| SOURCE MATERIAL |
▶

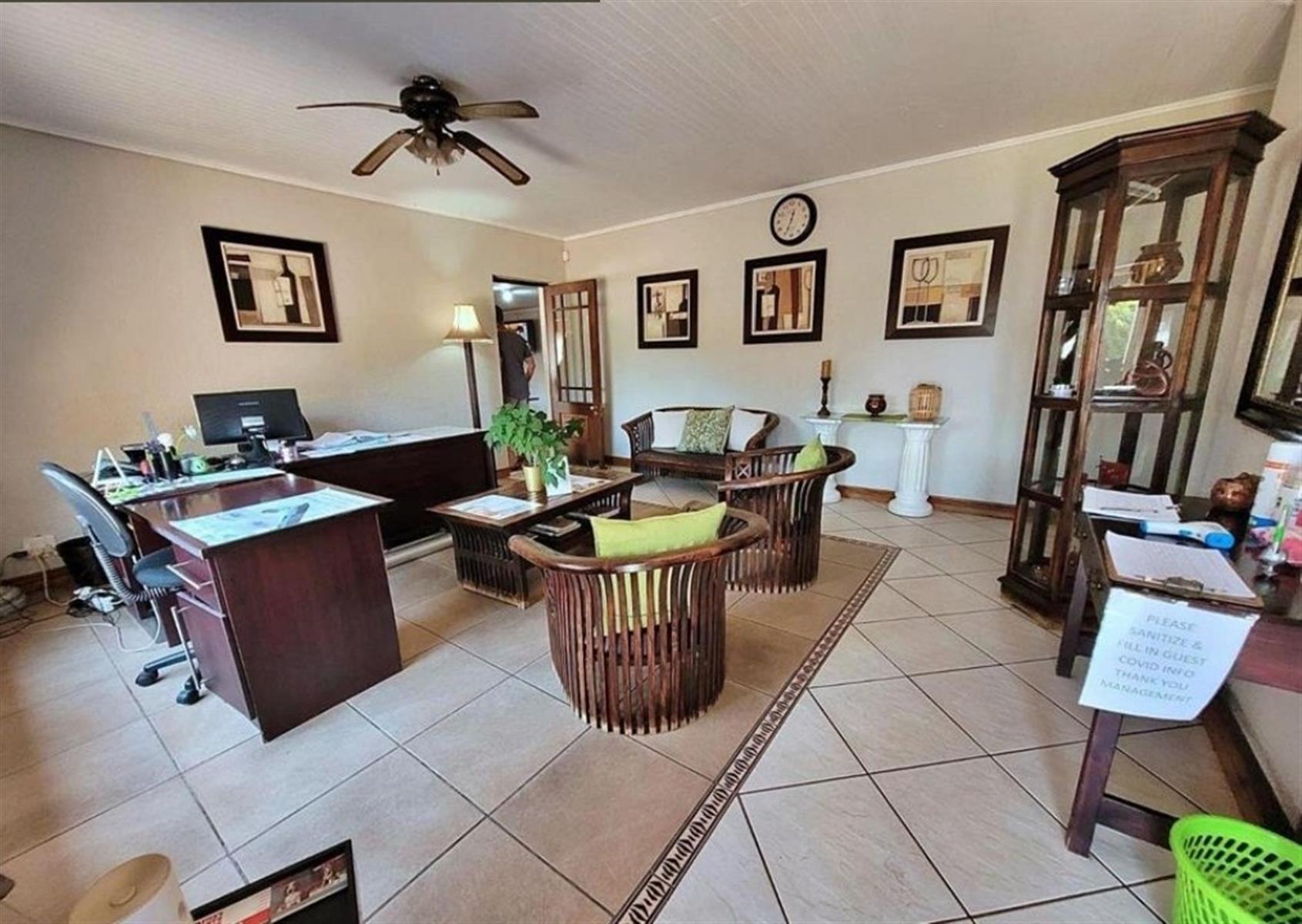 Upon entering, you are greeted by a welcoming reception area that sets the tone for a warm and inviting atmosphere. The property also boasts a well-equipped admin office, laundry room, and public toilets, ensuring convenience for both staff and guests alike.
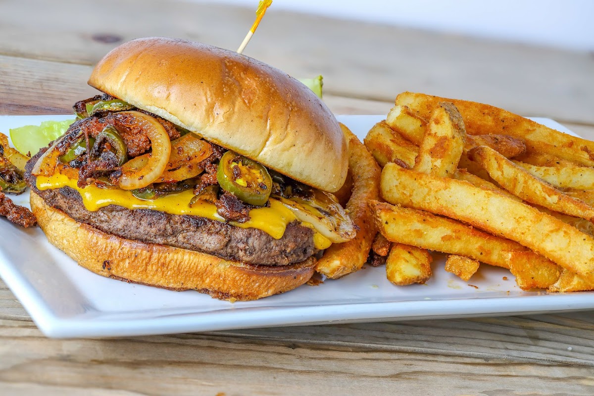Stopped in for the first time on our way out of town. Heard some whispers on the blabber book about it. Here was my chance to find out firsthand and boy was I glad I did. One of the best burgers I’ve ever ordered! Ordered the basic burger that comes with fries, veggies or salad. I opted for the salad on this 94 degree day,lol. And, WOW, what a meal. Fresh salad with onions cucumber tomato and cheese. Was looking for a nap after that meal. Noisy, busy atmosphere with prepared servers. I plan to go back for sure.
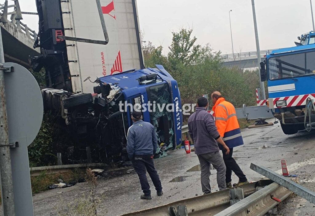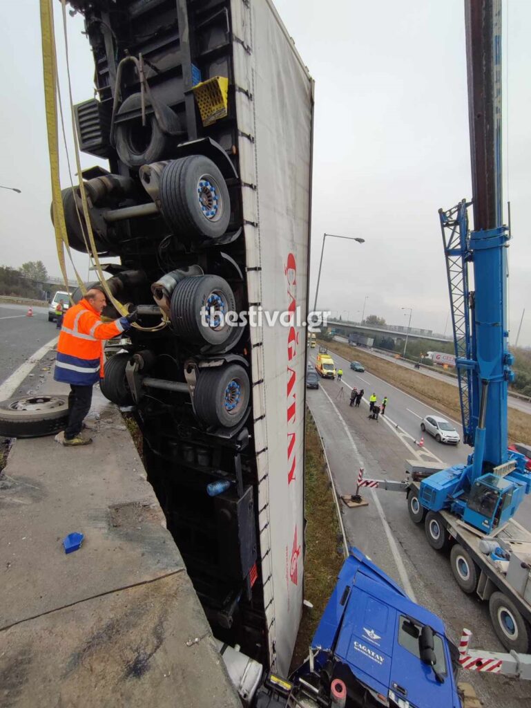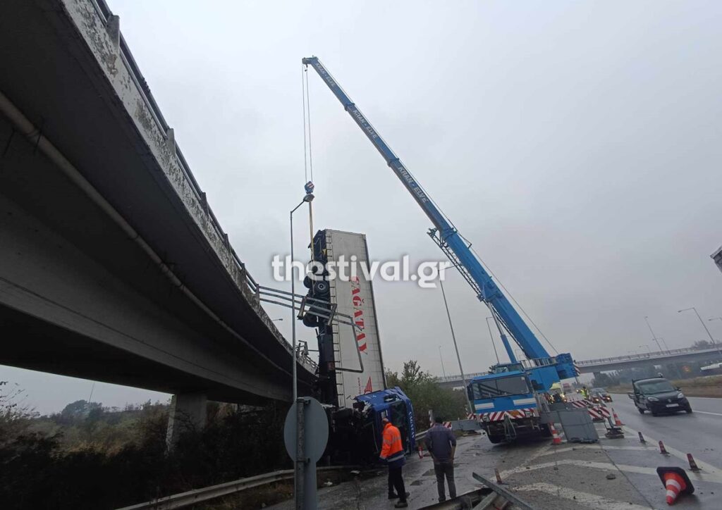 Θεσσαλονίκη: Επιχείρηση ανάσυρσης της νταλίκας με πινακίδες Τουρκίας που έπεσε από γέφυρα (φωτο)
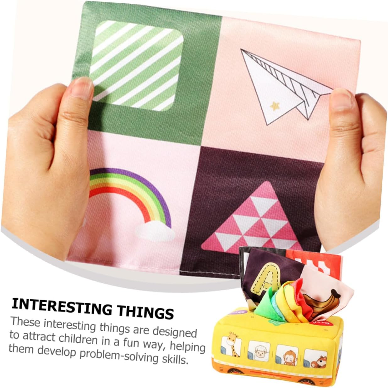 Giocattolo con scatola di fazzoletti per neonati: il colore brillante e i motivi affascinanti del giocattolo con scatola di fazzoletti possono attirare l'attenzione del bambino. Giocattolo in tessuto per bambini: realizzato in materiale di tessuto leggero con buona fattura, giocattolo con scatola di fazzoletti sensoriali in tessuto antistrappo: misura adatta per la mano del bambino. La nostra scatola di fazzoletti attirerà l'attenzione del tuo bambino. un buono, un giocattolo sensoriale montessori per i più piccoli: ha la capacità di rompere la resistenza, è molto pratico, ha una consistenza eccellente, un giocattolo in tessuto per neonati sensoriale per: la scatola dei fazzoletti è elastica, quindi i bambini possono usarla più facilmente. il giocattolo del bambino tira fuori i fazzoletti

◀

| PROBLEM STATEMENT |
Give back exactly the lines from the first line of the data through the line with "Θεσσαλονίκη: Επιχείρηση ανάσυρσης", pictures excluded.

| SOLUTION BELOW |
 Upon entering, you are greeted by a welcoming reception area that sets the tone for a warm and inviting atmosphere. The property also boasts a well-equipped admin office, laundry room, and public toilets, ensuring convenience for both staff and guests alike.
Stopped in for the first time on our way out of town. Heard some whispers on the blabber book about it. Here was my chance to find out firsthand and boy was I glad I did. One of the best burgers I’ve ever ordered! Ordered the basic burger that comes with fries, veggies or salad. I opted for the salad on this 94 degree day,lol. And, WOW, what a meal. Fresh salad with onions cucumber tomato and cheese. Was looking for a nap after that meal. Noisy, busy atmosphere with prepared servers. I plan to go back for sure.
 Θεσσαλονίκη: Επιχείρηση ανάσυρσης της νταλίκας με πινακίδες Τουρκίας που έπεσε από γέφυρα (φωτο)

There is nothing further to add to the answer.